Когда наступила независимость и всех борцов с оккупантами реабилитировали, он однажды пришел в гимназию при полном эсэсовском параде. Удалось ли ему сохранить свое обмундирование или пошил новое по специальному заказу, осталось тайной, но он целый год приветствовал ребят у школьных дверей именно в таком виде. А потом директором гимназии стал господин Силик и попросил Иосифа приходить в гражданской одежде, сославшись на политическую целесообразность. Мол, гимназия – лучшая в городе, в нее часто иностранные делегации привозят, а европейцы на его форму неадекватно реагируют, поскольку специфику истории Республики понять не в силах.

Иосиф директору подчинился, он всегда подчинялся силе и власти, но, как утверждают, обиду на Силика все же затаил. А мы нашего директора любим за справедливость и понимание. Он, кстати, преподает математику. Эх, кабы и нас учил директор Силик, а не отвратительный Золис! Я снова вспомнила о контрольной по алгебре и расстроилась. Чтоб он провалился, этот Золис!

Александр уже убежал со своими ребятами, а я, раздевшись, отправилась на третий этаж, где был кабинет литературы. Предстояло пережить еще один мучительный момент. С сентября в школе появился заместитель директора по режиму господин Бак. Мы и раньше его хорошо знали: он работал в языковой полиции и курировал соседнюю с нами русскоязычную школу. Когда школу в позапрошлом году закрыли, некоторые ее ученики перешли к нам. Они рассказывали, что Бак этот – страшная сволочь. Он начал являться и в нашу образцово-показательную гимназию, дабы проверить, не действуют ли разлагающе русские нелояльные смутьяны на умы юных граждан Североморской Республики. Оказался отвратительным крикливым толстяком, к которому сразу прилипла данная еще русскими школьниками кличка Помойный Бак. Или просто Помойка.



В нашем классе тоже учились трое из закрытой русской школы: Алекс, Костик и Наташа. С Алексом я даже почти дружила, потому что он, как и я, любил читать и писал стихи. Костик был активистом движения русских школьников, хотя и знал государственный язык Республики получше многих коренных. Видно, у него имелся, как выражался отец, талант общественного деятеля. К нему, двенадцатилетнему пацану, прислушивались даже взрослые. Но этот самый талант до добра его не довел. Костик погиб в июне, когда власти разогнали их митинг.

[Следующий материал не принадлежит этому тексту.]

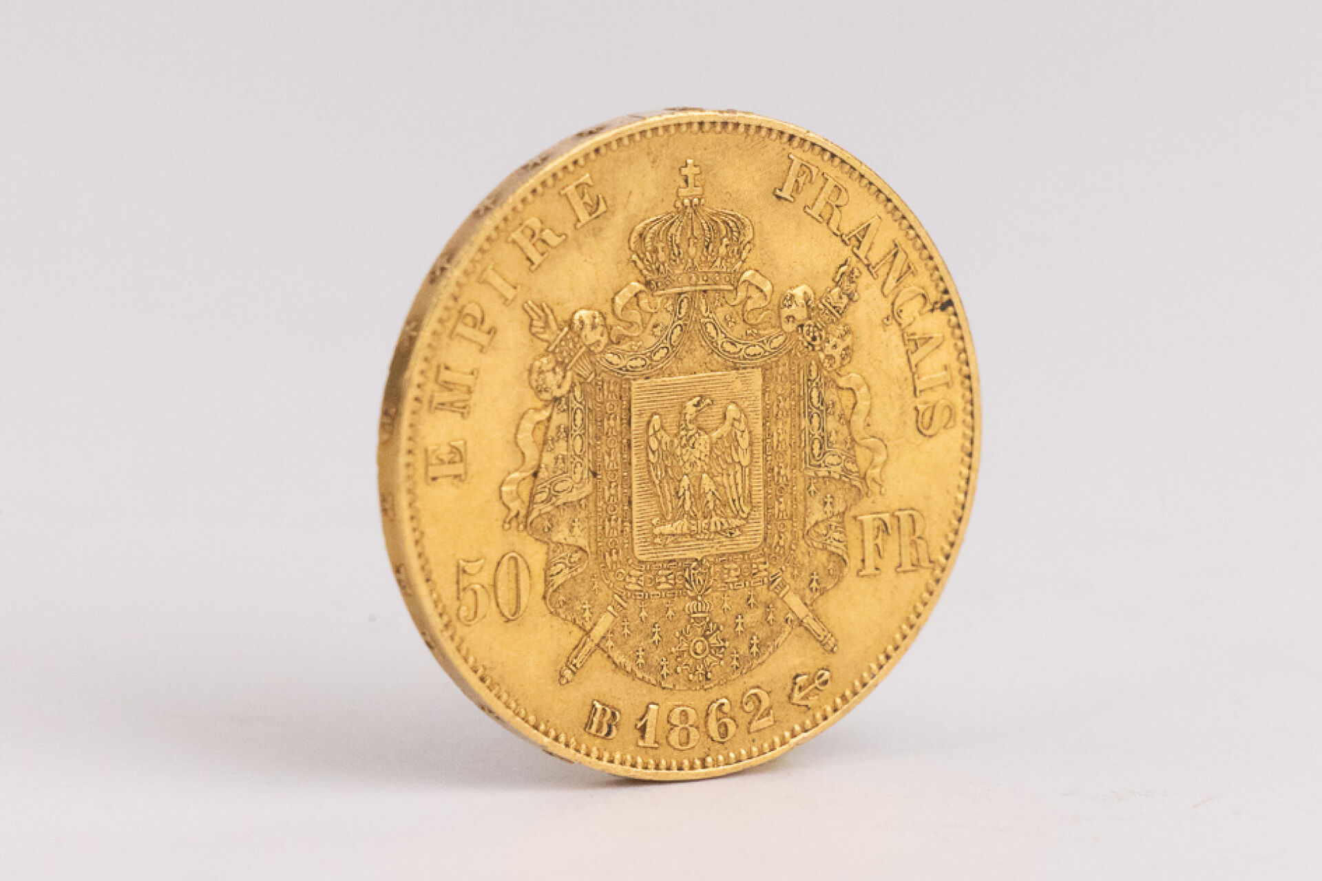 Pièce en or de 50 francs, profil de l'Empereur Napoléon III lauré,1862. Poids : 16,18 gr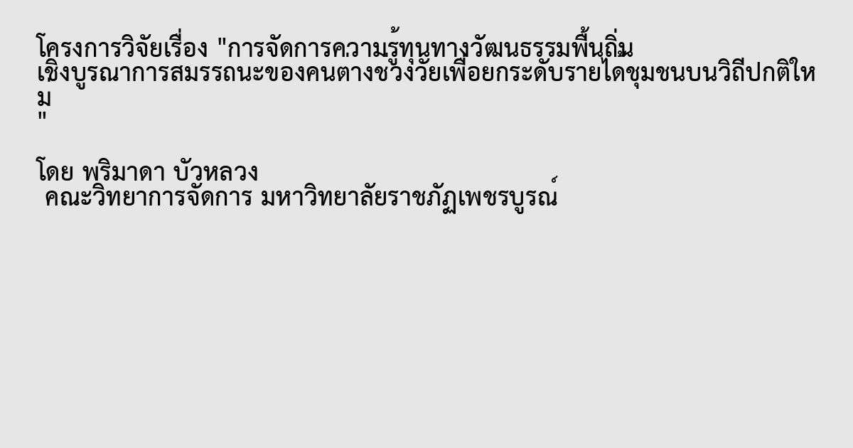 การจัดการความรู้ทุนทางวัฒนธรรมพื้นถิ่น เชิงบูรณาการสมรรถนะของคนต่างช่วงวัยเพื่อยกระดับรายได้ชุมชนบนวิถีปกติใหม่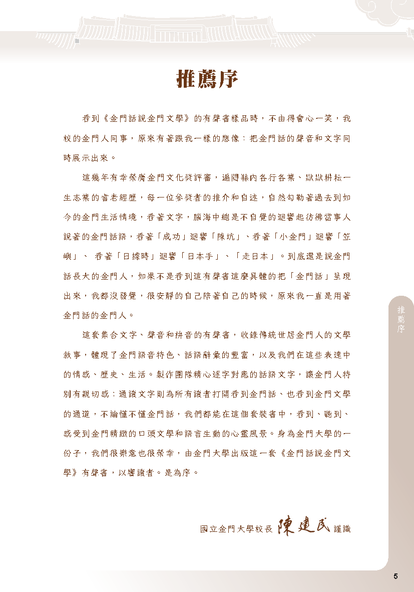 本校獲文化部補助製作「金門話說金門文學有聲書」已經出版,有聲影像線上連結公開瀏覽,歡迎各界推廣利用。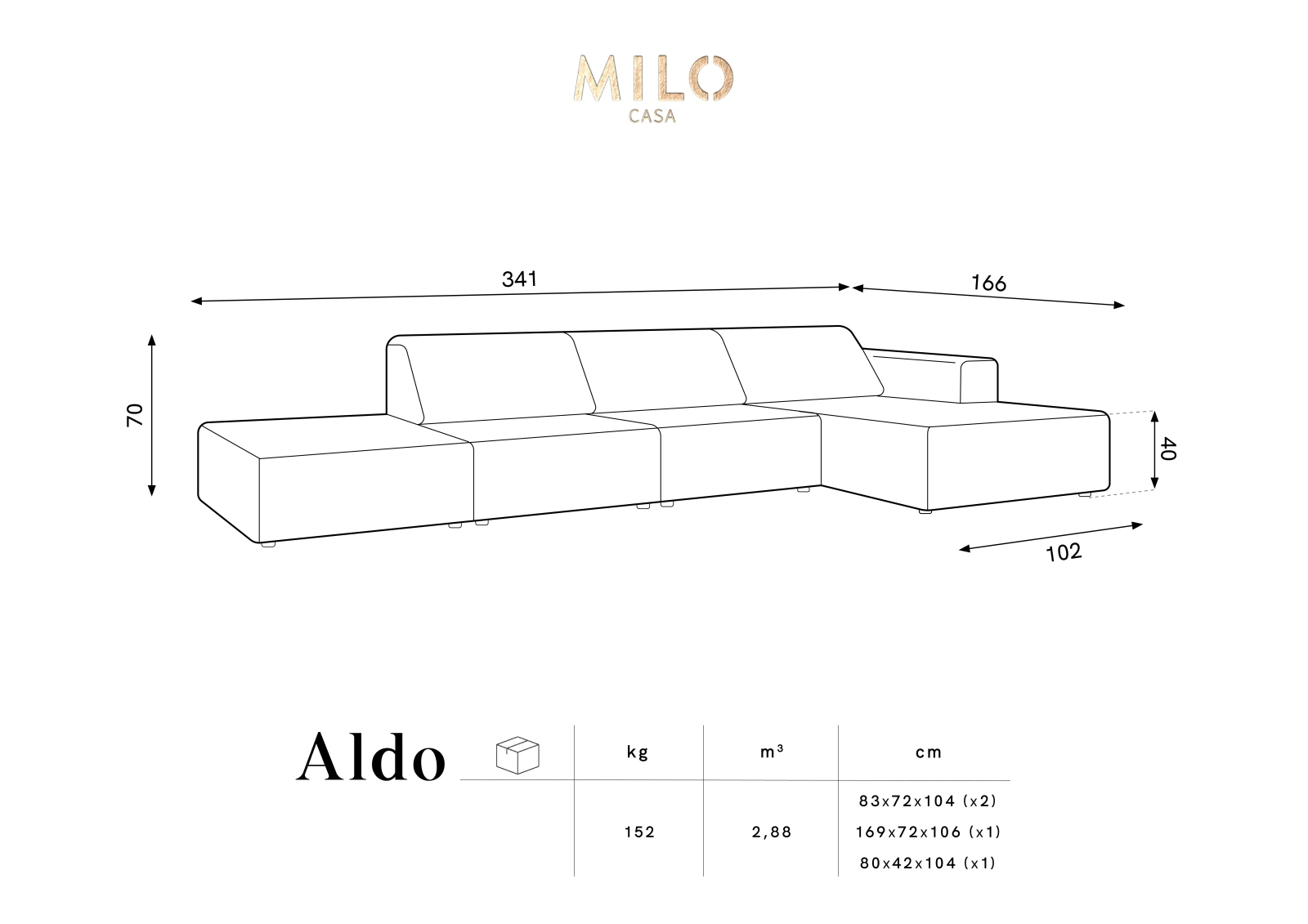 lungime 341 cm/lățime 166 cm/inălțime 70 cm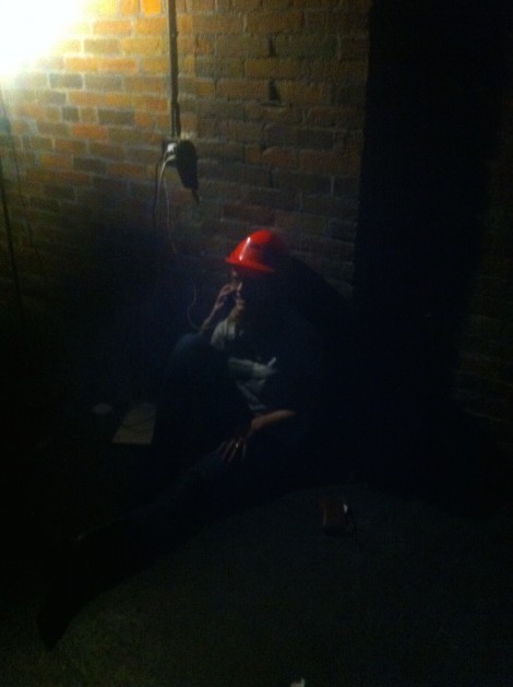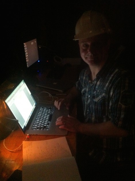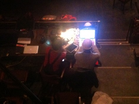1) Craig Francis here, doing some rewriting on the play after our actors' read-through... while lights being hung above my head!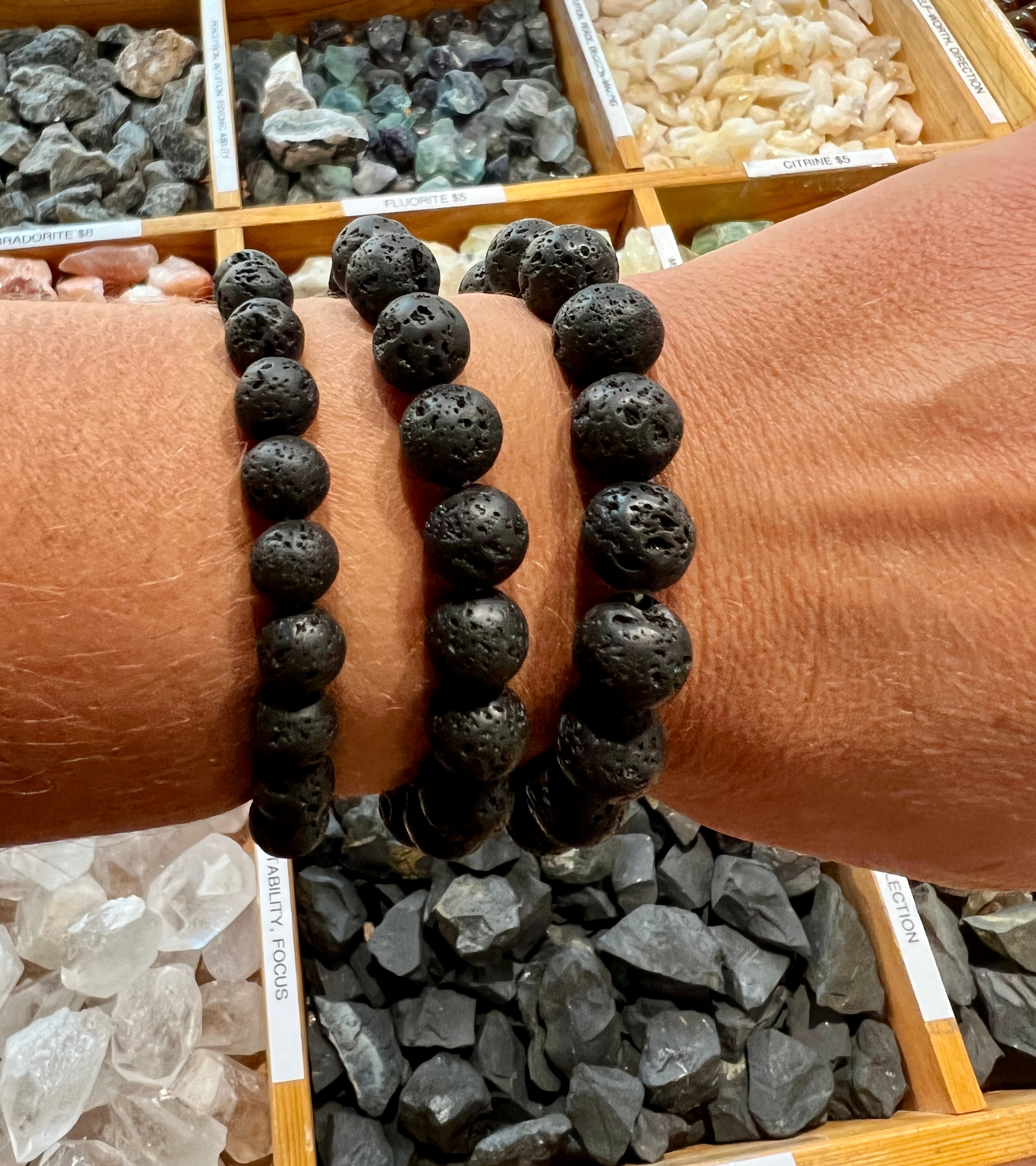 Ces bracelets tendance en pierre de lave sont plus qu'une simple déclaration de mode terreuse, mais aussi un incontournable dans la vie de tout amateur d'huiles essentielles ! Les bijoux aux huiles essentielles créent l’harmonie parfaite entre les mondes de la mode, du bien-être et de l’aromathérapie. Non seulement la pierre de lave absorbe votre huile précieuse, mais elle constitue également une pierre d’ancrage qui renforce le lien avec la Terre Mère. Cela nous donne la force et le courage de traverser les temps changeants, nous guidant vers une compréhension plus claire. Alors ajoutez une goutte de votre huile essentielle préférée à ces pierres anciennes et profitez de leur parfum et de leurs bienfaits tout au long de la journée !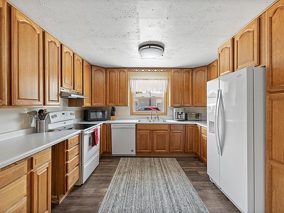 Listed by Jess Skinner, KWBH, 605-490-4094. Move in ready ranch style home with a finished basement in an established west Rapid City neighborhood! *4 bedrooms, 2 bathrooms and 2542sqft *TONS of recent updates include: new flooring, new fixtures, fresh interior paint, remodeled bathrooms, new sump pump and more *Beautiful wood floors and great natural light throughout the main level *The comfortable living room welcomes you in, giving easy access to the kitchen and dining areas, making entertaining a breeze *'U' shaped kitchen with newer appliances, TONS of ceiling height cabinetry and new flooring *Cozy dining area with slider door access to the enclosed 3-seasons porch with large windows on 2 sides *3 bedrooms and 1 remodeled bathroom complete this level *Basement level offers a HUGE family room, with a corner fireplace on one end, and a kitchenette on the other *1 bedroom (ntc for window size), 1 bathroom with walk in shower, a large laundry room with storage space and sink, and a good sized storage/work room complete this level *Outside has an oversized detached 2-car garage with updated electrical, a utility sink and bonus water spigot and plenty of storage space *Fully fenced back yard is the perfect escape- complete with a maintenance free deck that overlooks the beautiful yard, with mature trees, shrubs and planter areas to customize as you wish *Charming curb appeal out front with a maintenance free stoop, spaced window shutters and established spruce bushes.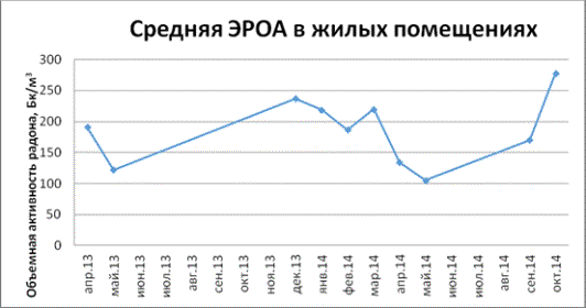 но при этом следует отметить общую высокую объёмную активность радона, в

Что случилось с Алексом и Наташей я не знаю. После июльской бойни на празднике поэзии русских выселили из Города – для их же собственной безопасности. Потом начались обстрелы и блокада. А в Город потянулись беженцы из Синереченска. Там всегда жило больше русских, чем коренных. Когда русских стали высылать из столицы, они изгнали коренных из Синереченска. В США это назвали «этнической чисткой», Евросоюз обещал приложить все возможности, чтобы «не допустить балканизации конфликта». Зато в нашем классе появился беженец из Синереченска Александр. И вот он мне стал настоящим другом.

Конечно, Помойка никакой роли в этих событиях не играл. Но первого сентября он велел повесить на стенах вдоль парадной лестницы портреты всех учеников, выпускников и служащих школы, погибших во время событий, которые называли то войной, то блокадой, то просто этим словом – «события». Портретов с каждым месяцем становилось все больше: гибли при артобстрелах, от снайперского огня, призывники на позициях. Помойка говорил, что сделано это для поддержания патриотического чувства, чтобы все помнили ради чего и кого мы сражаемся.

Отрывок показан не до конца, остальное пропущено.